At the time of trial the title of the act provided:
"AN ACT to authorize the commissioner of the state police to promulgate a uniform traffic code; to authorize any city, township or village to adopt such uniform traffic code by reference without publication in full.”3
It is clear that the Legislature intended to provide for the promulgation of a uniform traffic code and to allow cities to adopt that code without full publication. In furtherance of this purpose MCL 257.952; MSA 9.2652 provided the extent of publication that would be necessary and required that a city publish the adopting ordinance along with notice of the purpose of such ordinance and that complete copies of the code be made available to the public. This statute did not require that copies of the code be made available without charge. *714Although the Legislature also promulgated MCL 257.954; MSA 9.2654 to insure that copies of the code were available to the public, the requirement of free distribution was not made a part of the procedure required for valid publication. The city’s violation of MCL 257.954; MSA 9.2654 does not void the ordinance. The failure of a city clerk to perform a duty required by law does not invalidate an ordinance which was properly passed. Boehme v City of Monroe, 106 Mich 401, 406; 64 NW 204 (1895). Therefore, because the City of Novi complied with the publication requirements of MCL 257.952; MSA 9.2652 the ordinance was valid, and the trial court erred when it dismissed the charges against defendant.
Defendant’s reliance on People v Poyma, 91 Mich App 238; 283 NW2d 707 (1979), is misplaced. In that case, this Court recognized that a city must strictly comply with MCL 257.952; MSA 9.2652. Id., 242, 244-245. Poyma did not involve the effect of the free distribution requirement of MCL 257.954; MSA 9.2654 on the issue of valid publication.
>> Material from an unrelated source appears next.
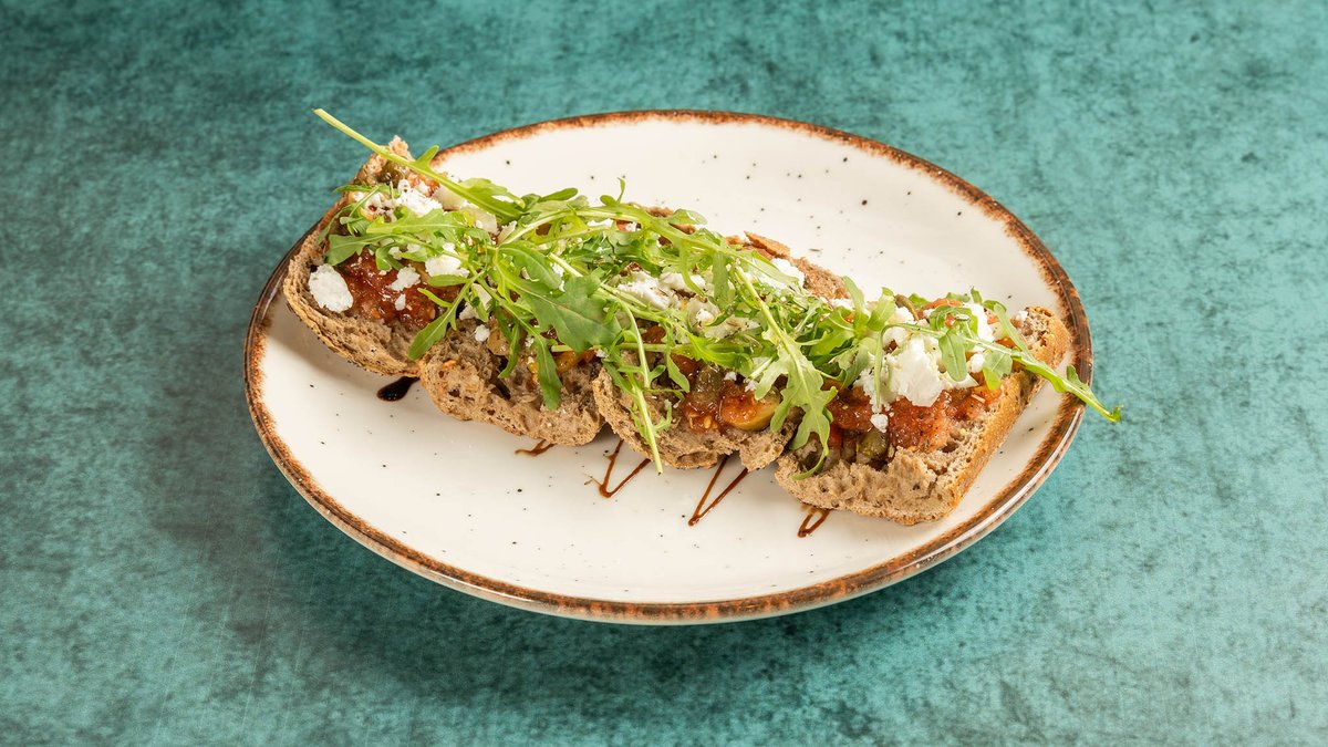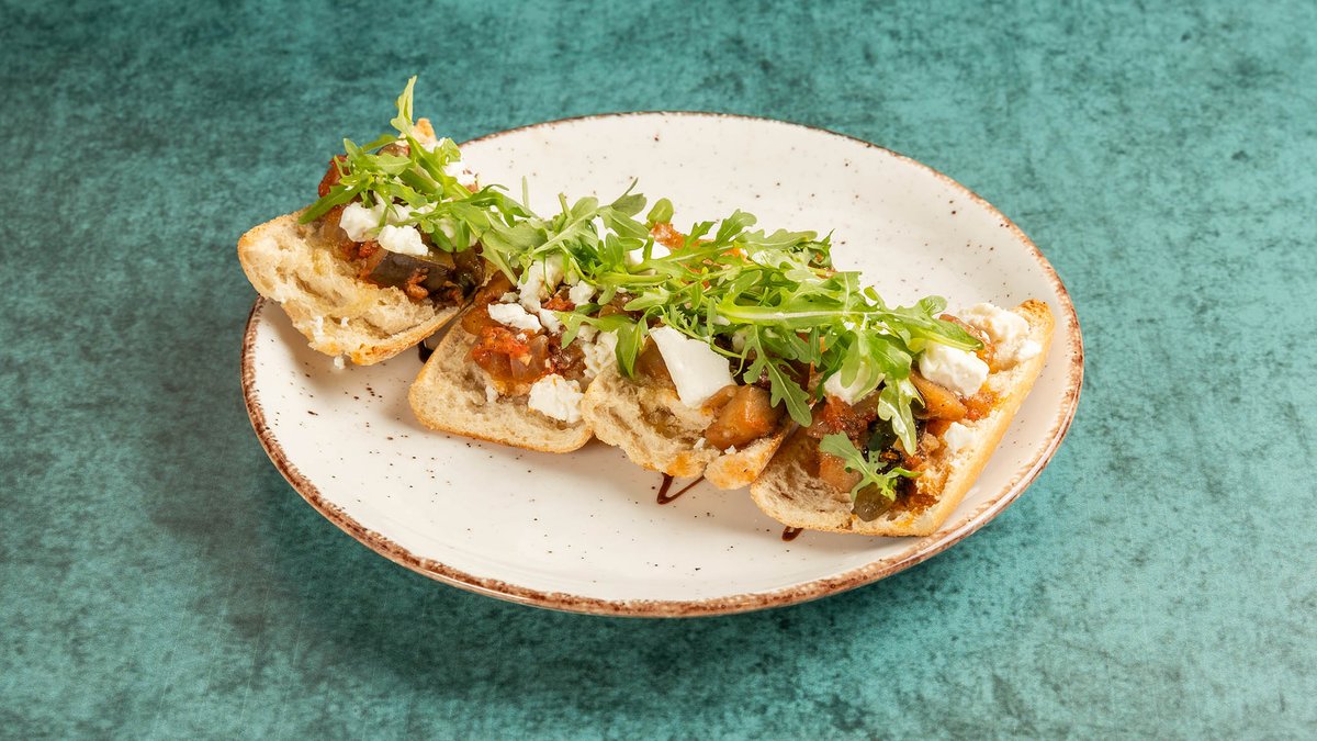 Vegeterian. Μελιτζάνα, τομάτα, κάπαρη, κρεμμύδι, ελιές, φέτα ΠΟΠ και baby ρόκα
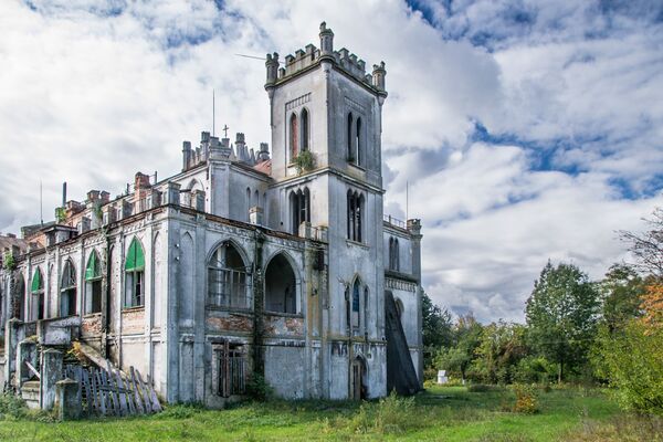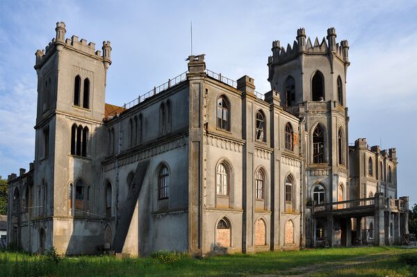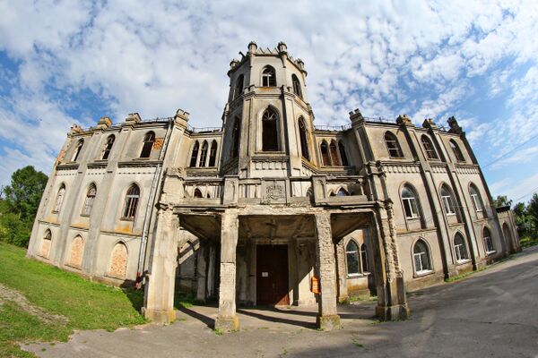 Здание выполнено в стиле английской неоготики. Архитектор здания — не известен. Изначально дворец насчитывал три этажа и был симметричным четырёхугольником с башней на главном фасаде, а также двумя башнями по бокам здания. Дворец был окружен парком с садами общей площадью 58 га. Парк имел два озера и островок с беседкой.

In the instant case the city fully complied with MCL 257.952; MSA 9.2652.
Reversed and remanded for sentencing.
This statute was subsequently amended by 1979 PA 119. The amendment is not, however, material to any issue raised on appeal.
The Legislature subsequently removed the requirement that copies of the code be distributed without charge. 1979 PA 119. As presently enacted, MCL 257.954; MSA 9.2654 provides:
"Upon adoption of the code by' reference, the city, township, or village clerk shall maintain in his or her office a copy of the code for inspection by the public or a person charged under the code.”
Accordingly, this statute now merely provides that the city, township, or village clerk carry out the last requirement mandated by MCL 257.952; MSA 9.2652.
The title was subsequently amended by 1978 PA 514. The amendment, however, is not material to any issue raised on appeal.